Few-Shot CoT: Provide examples that themselves include step-by-step reasoning:
Q: If a train goes 60mph for 2 hours, how far does it travel?
A: Distance = speed × time = 60 × 2 = 120 miles.
Q: A store sells apples for $0.50 each. If you buy 7, what's the total after a 10% discount?
A: Base cost = 7 × \(0.50 = \)3.50. Discount = 10% of \(3.50 = \)0.35. Total = \(3.50 - \)0.35 = $3.15.
Q: I have a recipe for 4 people. I need to serve 10. The recipe uses 2 cups of flour. How much do I need?
Role Prompting
Assign the model a specific expert persona. This shapes not just tone but the actual knowledge and reasoning style the model applies.

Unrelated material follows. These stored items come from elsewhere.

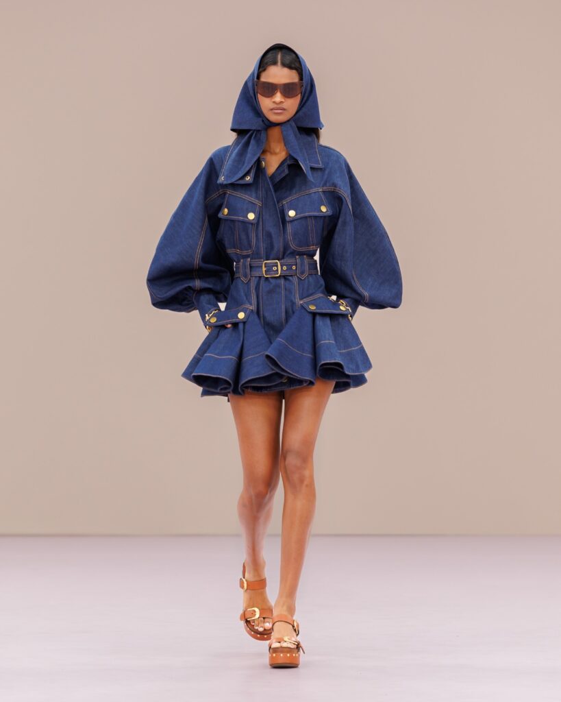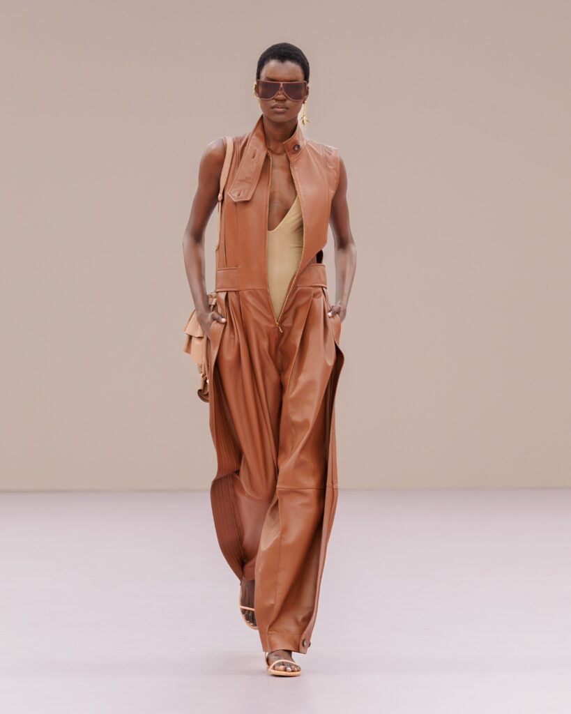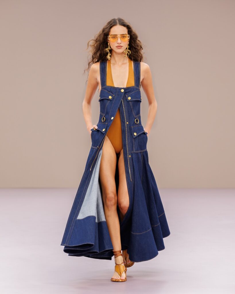 También tuvo iteraciones de overoles de pintor en sarga de algodón y cuero tostado, revelando un body escotado, una pieza conocida de superposición de Zimmermann.
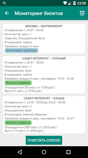 Приложение предназначено для поиска и мониторинга билетов РЖД. Гибкие фильтры мониторинга дают шанс узнать о появлении в продаже нужных мест.
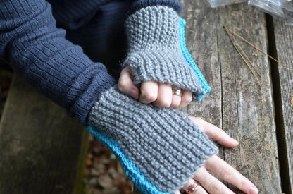 Mishima is a pair of soft, warm and modern fingerless mitts with an exposed seam in a contrast colour.
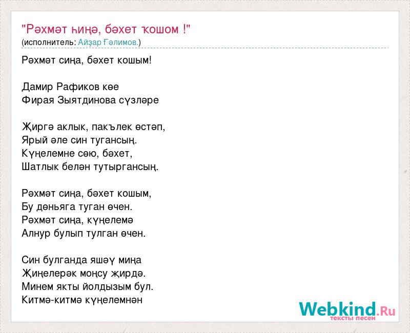 Рәхмәт сиңа, бәхет кошым! Дамир Рафиков көе Фирая Зыятдинова сүзләре Җиргә аклык, пакълек өстәп, Ярый әле син тугансың. Күңелемне сөю, бәхет, Шатлык белән тутыргансың. Рәхмәт сиңа, бәхет кошым, Бу дөньяга туган өчен. Рәхмәт сиңа, күңелемә Алнур булып тулган өчен. Син булганда яшәү миңа Җиңелерәк моңсу җирдә. Минем якты йолдызым бул. Китмә-китмә күңелемнән
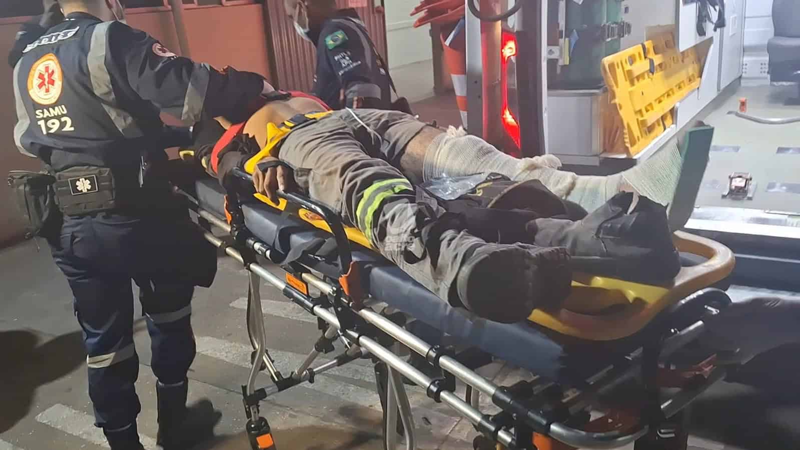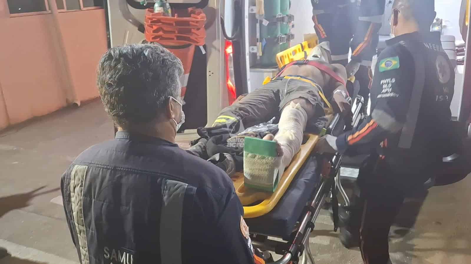 Jovem de 22 anos sofreu fratura exposta na perna e foi encaminhado ao Pronto-Socorro; estado de saúde é estável

You are an experienced DevOps engineer who has worked at multiple high-growth startups.
You prioritize reliability, scalability, and security. When reviewing infrastructure decisions,
you always consider cost, maintenance overhead, and failure modes.
Review this architecture and identify risks: [architecture description]

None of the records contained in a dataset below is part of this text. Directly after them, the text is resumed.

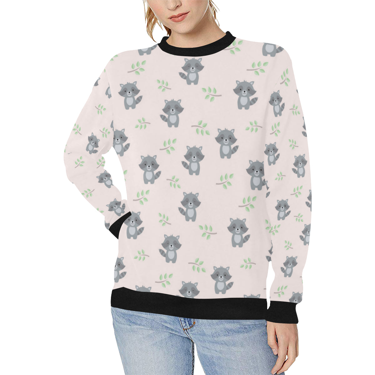 cute raccoons leaves pattern Women's Crew Neck Sweatshirt is a uniqued design and limited item. It made to order, hand printed, and sewn with love in our factory.
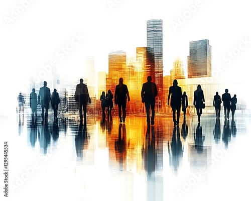 City Business People Walking, Urban Scene, Reflection
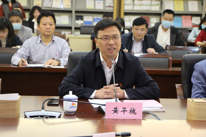 党委副书记、校长黄平槐受党委书记委托,介绍了学校基本情况,并就党史学习教育开展情况进行汇报。他表示,学校开展党史学习教育工作以来,始终坚持深入贯彻省委党史学习教育“务求实效、走在前列”的要求,并将其内化为一种自觉的态度和行为,对标对表抓落实。
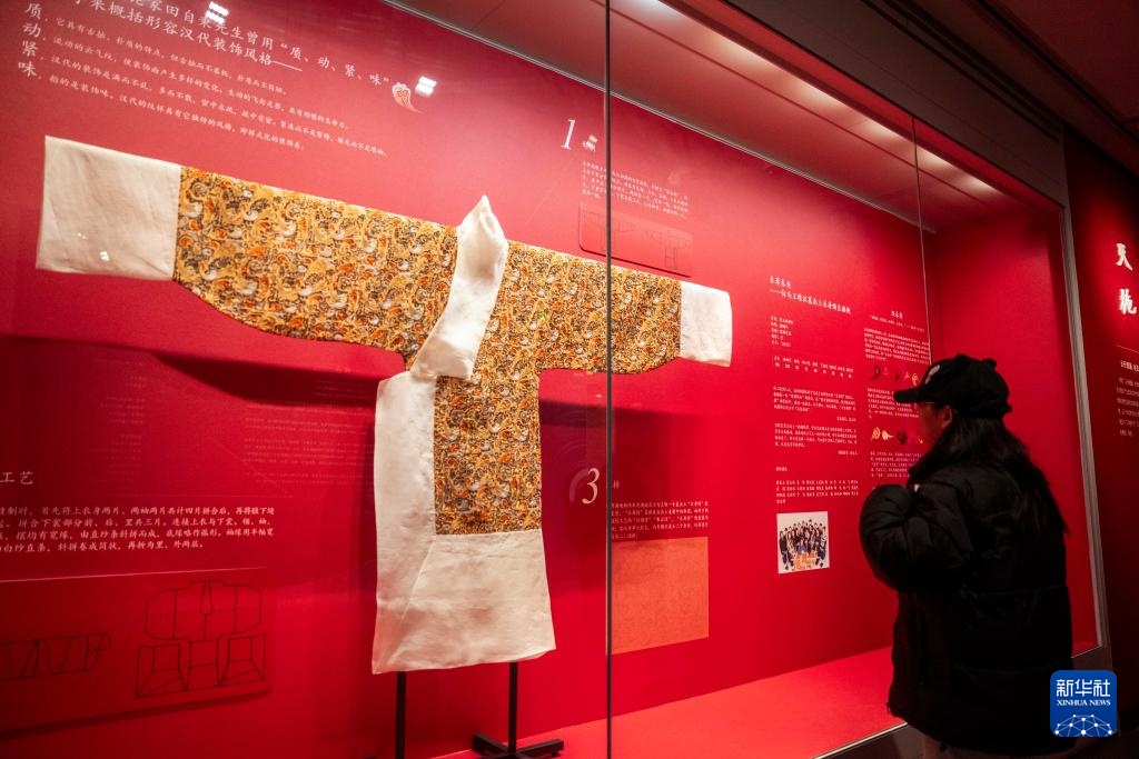 3月18日,观众在株洲博物馆参观“炎土圣风:楚汉观照——中国传统服饰文化研究与艺术创作展”。

Vs just asking "Review this architecture" — the persona prompt produces a more focused, expert-level response.
System Prompt vs. User Prompt
When calling an LLM via API, you have two distinct input channels:
System Prompt: Sets the model's overall behavior, persona, and constraints. Persists across the entire conversation. This is where you put:
- Who the model is (role/persona)
- What it should/shouldn't do
- Formatting preferences
- Business context
User Prompt: The actual message from the user. Can be a single question, a document to analyze, a task to complete.
const response = await groq.chat.completions.create({
model: "openai/gpt-oss-20b",
messages: [
{
role: "system", // ← Sets behavior
content: "You are a helpful assistant for a legal tech company. Always recommend consulting a licensed attorney. Respond in plain English, not legal jargon."
},
{
role: "user", // ← The actual request
content: "What are the main differences between an LLC and a C-Corp?"
}
]
});
Prompt Chaining
Break complex tasks into a sequence of simpler prompts, where the output of one becomes the input of the next.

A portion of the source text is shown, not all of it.